§ **Exercise description**: The expected output is the line with "Experimenta el encanto" plus all lines after it to the end of the material below, reproduced exactly, with pictures omitted and nothing else included.

§ **Data shown**:
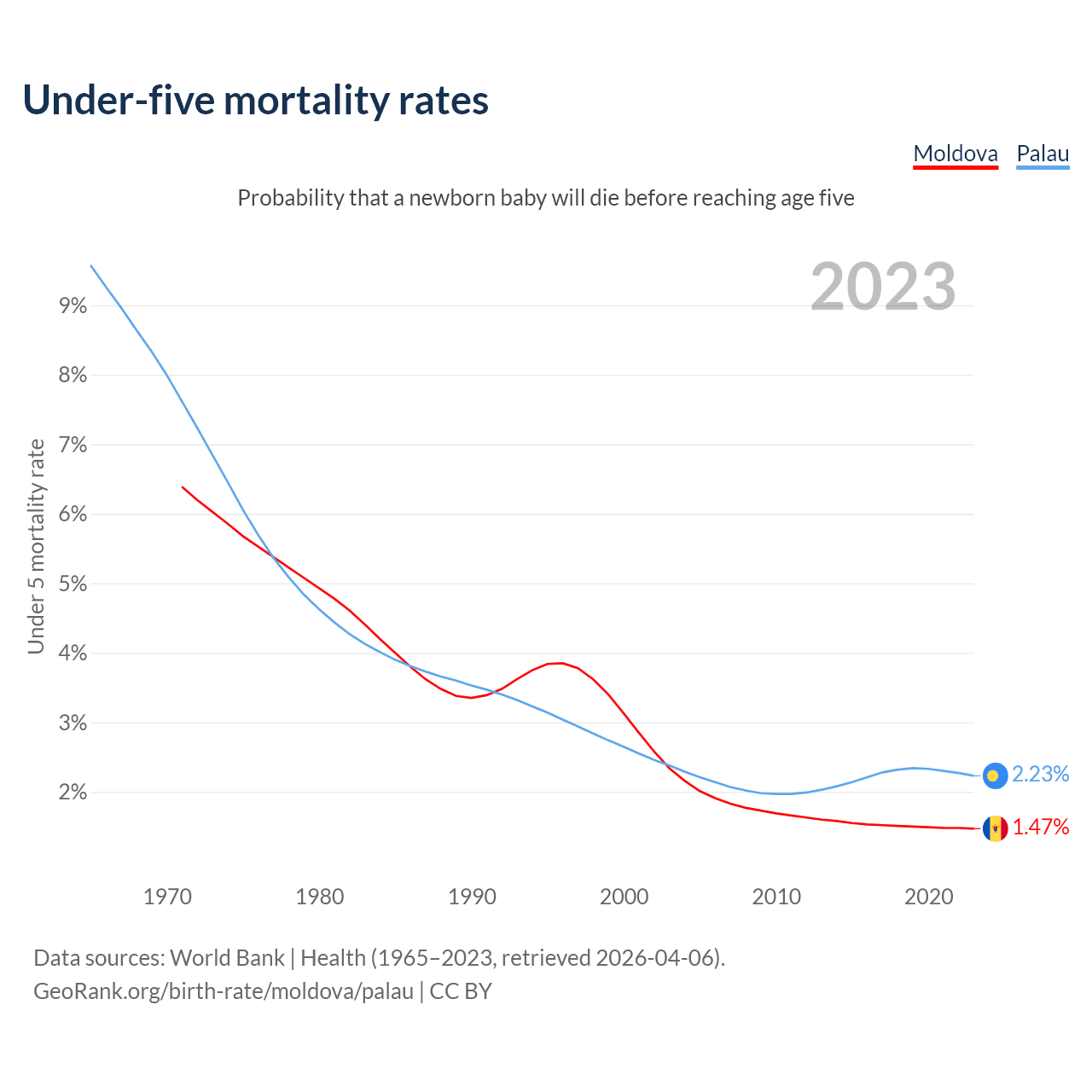 The chance that a newborn baby will die before reaching age five is 1.47% in Moldova and 2.23% in Palau. Above is a chart with historical data on under-five mortality rates.
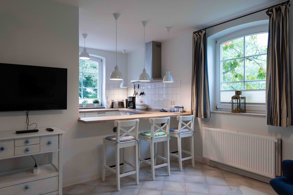Experimenta el encanto de un edificio catalogado de 1859, que se modernizó con mucho amor por los detalles. El apartamento de 36 metros cuadrados en la antigua casa maquinista de las obras de agua ofrece un estilo elegante y una comodidad contemporánea. Ubicación: Ubicado directamente en la playa del Elba, los alrededores te invitan a dar paseos y paseos en bicicleta. La proximidad a la costa de Falkensteiner permite el acceso directo al Elba y ofrece una magnífica vista de los barcos que pasan.
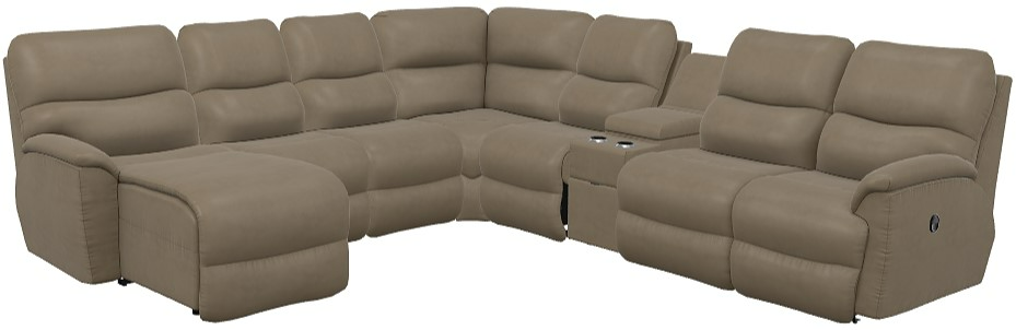 Turn casual evenings into cozy family nights with our Trouper sectional. Sink into one of the sculpted bucket seats and let the split back cushions provide soft support for your head, neck and lumbar region. Adjust the back and chaise legrest for personalized reclining comfort, or lean back without raising your feet.Read More

§ **Problem solution**:
Experimenta el encanto de un edificio catalogado de 1859, que se modernizó con mucho amor por los detalles. El apartamento de 36 metros cuadrados en la antigua casa maquinista de las obras de agua ofrece un estilo elegante y una comodidad contemporánea. Ubicación: Ubicado directamente en la playa del Elba, los alrededores te invitan a dar paseos y paseos en bicicleta. La proximidad a la costa de Falkensteiner permite el acceso directo al Elba y ofrece una magnífica vista de los barcos que pasan.
 Turn casual evenings into cozy family nights with our Trouper sectional. Sink into one of the sculpted bucket seats and let the split back cushions provide soft support for your head, neck and lumbar region. Adjust the back and chaise legrest for personalized reclining comfort, or lean back without raising your feet.Read More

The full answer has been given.